Minor league affiliations
- Previous classes: Class C
- Previous leagues: Pioneer League

Team data
- Previous parks: Bengal Field

= Lewiston Indians =

The Lewiston Indians were a minor league baseball team in the western United States, based in Lewiston, Idaho. They played in the Pioneer League during the 1939 season, at the Class C level, and were not affiliated with any Major League Baseball (MLB) team. The team's home ballpark was Bengal Field.

==History==
The Indians were one of the six original teams of the Pioneer League when it was formed in 1939. The team was managed by Herb Sanders, who had pitched in the minor leagues for 12 seasons between 1923 and 1937, and helped to found the Pioneer League.
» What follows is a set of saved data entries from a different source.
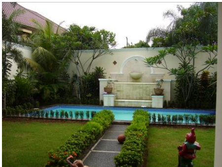
The backyard and the swimming pool

We enjoy our house – even without a dishwasher – and we are keen to have you coming sooner better than later to show you Jakarta and assist you to discover other parts of this country as we discover them ourselves.
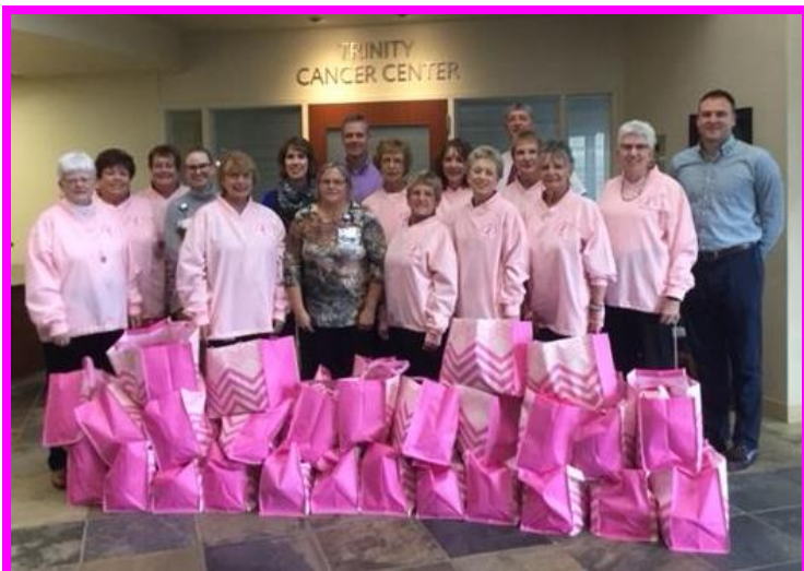
Cancer Center Care Bags were made up by team members and presented to the Trinity Hospital Cancer Center in Fort Dodge, Iowa for patients going through BC treatment.
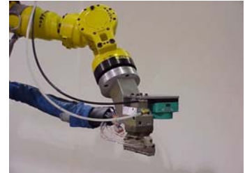
Application Dispense Valve
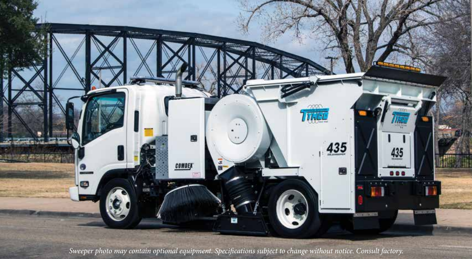
Sweeper photo may contain optional equipment. Specifications subject to change without notice. Consult factory.
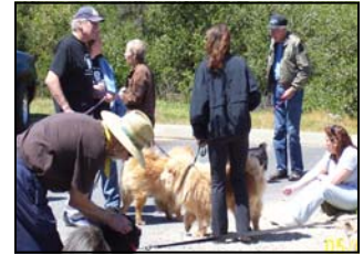
Volunteers, attendees, and canine companions mingle at the Adoptathon.
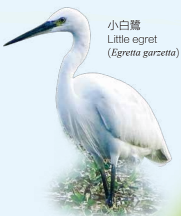
小白鷺 Little egret ( Egretta garzetta )

(註) 保育類動物等級：I代表瀕臨絕種野生動物、II代表珍貴稀有野生動物、III代表其他應予保育之野生動物
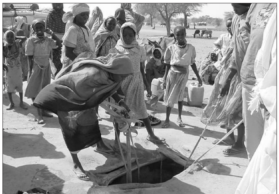
Women and children bear the brunt of the water collection activities. These refugees from Darfur are staying at Bahai spontaneous settlement, Chad
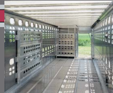
Inside View from Front to Rear. Smooth Interior Walls and Full Wrap-Around Hinge Collars Protect Against Livestock Bruising. Kemlite Roof for Visibility.
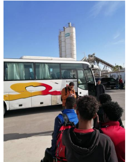
Individuals previously hosted at the GDF continue to transfer to the urban community. Currently the GDF hosts over 1,000 individuals.

Similarly, on 26 December, another group of 15 individuals (Eritrean and Somali, and including two females and one child) accepted the urban package. They were transferred to the CDC, where they received the usual CRIs and cash grants. The GDF still hosts over 1,000 people, the majority of whom are former detainees at the Tajoura and Abu Salim detention centres. These ex-detainees had sought assistance in July and October respectively due to clashes and the increasingly unstable security situation.
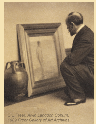
C.L. Freer

(1854-1919) made his fortune in railroad freight car manufacturing in Detroit. His remarkable shingle style residence on East Ferry Ave. was designed in 1892 by Wilson Eyre, Jr. Freer's home contained one of the world's greatest collections of Asian and American art, including works by Whistler and the Peacock Room. Freer bequeathed his collection to the Smithsonian where it is housed today at the Freer Gallery of Art in Washington, D.C.

The Indians finished in last place and did not continue past 1939; Lewiston did not have another minor league team until 1952, the Lewiston Broncs.

==Season records==

| Season | Manager(s) | W–L | Win % | Finish | Playoffs | Ref |
|---|---|---|---|---|---|---|
| 1939 | Herb Sanders | 53–71 | .427 | 6th | no playoffs held |  |

==All-stars==

| Season | Name & Position |
|---|---|
| 1939 | Mike Reser, OF |

==Notable players==
Three members of the team appeared in the major leagues; pitcher Lou Garland (1931 Chicago White Sox), outfielder Don White (Philadelphia Athletics in 1948 and 1949), and pitcher Hal Erickson (1953 Detroit Tigers).